There may also (I'm not positive about this), be a way that multiple
signals may then occur very quickly, and only one processed. Another
possible problem, too.

GL
-Roger
 
J

Justin Johnson

The above line should be within the synchronize (above), or it might
spawn more than @max_size threads (I think).
Replace with
@pool_mutex.synchronize do
while @pool.size >= @max_size
print "Pool is full; waiting to run #{args.join(',')}...\n" if
$DEBUG
# Sleep until some other thread calls @pool_cv.signal.
@pool_cv.wait(@pool_mutex)
end
@pool << Thread.current
end

I tried your suggestion but still get the error, and only when using
backticks or any other method that reads from stdout or stderr.
In reality you don't need to synchronize here, as the @pool size/add to
is synchronized elsewhere. Taking this synch out may introduce new
problems, but...I'm not sure what they are :)

I'm not sure what you mean. This makes sense to me, as we do not want
more than one thread removing itself from the list at a time.
My question is if the wait within the shutdown function will 'suck'
signals away from processes, decreasing the number that can go at a
time, if all are at the 'wait' phase. Perhaps rethinking this code
would be nice :)

I'm not sure what you mean by "suck signals away from processes". The
shutdown method is just waiting until all threads have ended so we don't
end our program before the threads are done.
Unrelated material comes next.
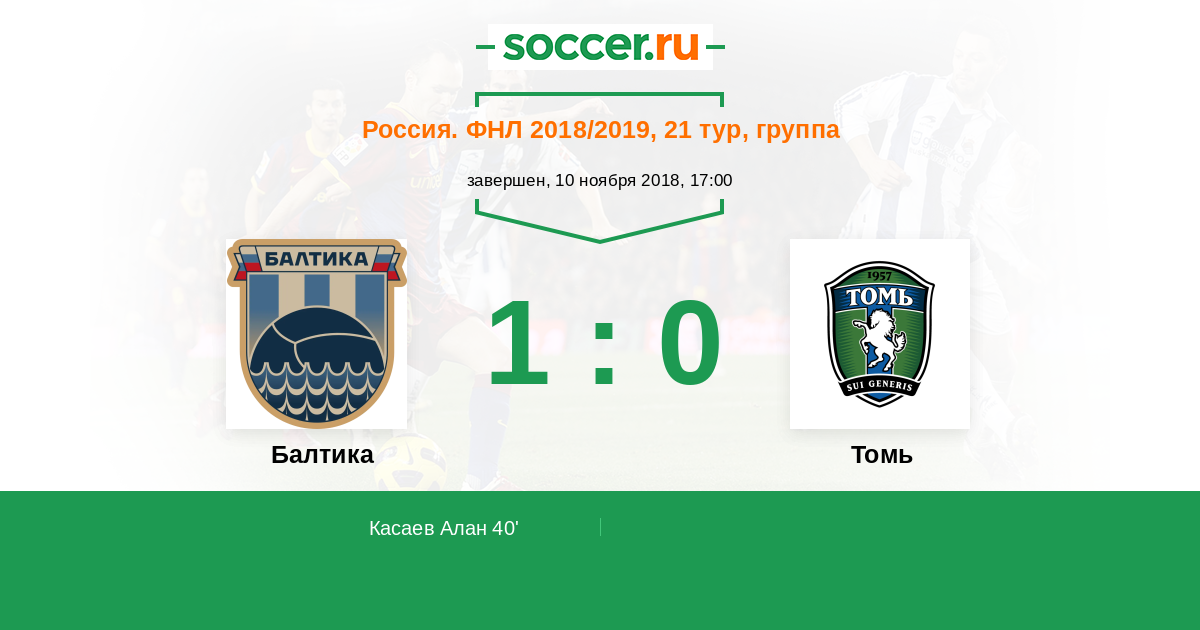 Протокол матча Балтика против Томь

It still seems to me that stdout and stderr have something to do with my
problem, since it always occurs when using backticks or even
win32/popen3 methods that read from stdout and stderr, but never with
system. Anyone else have any ideas on this?

Thanks for the reply.

Justin
 
J

Justin Johnson

It still seems to me that stdout and stderr have something to do with my
problem, since it always occurs when using backticks or even
win32/popen3 methods that read from stdout and stderr, but never with
system. Anyone else have any ideas on this?

I should also point out that the exact same script never fails on UNIX.
Maybe this is a Windows bug? :-(
 
R

Roger Pack

It seems (in my opinion--haven't checked it out too closely yet) that
the problem is only caused when the shutdown method is 'in the mix'--you
might try rewriting it to create an array of all threads trying to enter
the pool [i.e. array of size 200] and then joining on each element of
the array
while !allThreadArray.empty?
nextThread = allThreadArray.shift
nextThread.join
end

that type of thing.

Attempting it with the latest patch level of ruby might help.
-Roger
 
C

Clifford Heath

Roger said:
Attempting it with the latest patch level of ruby might help.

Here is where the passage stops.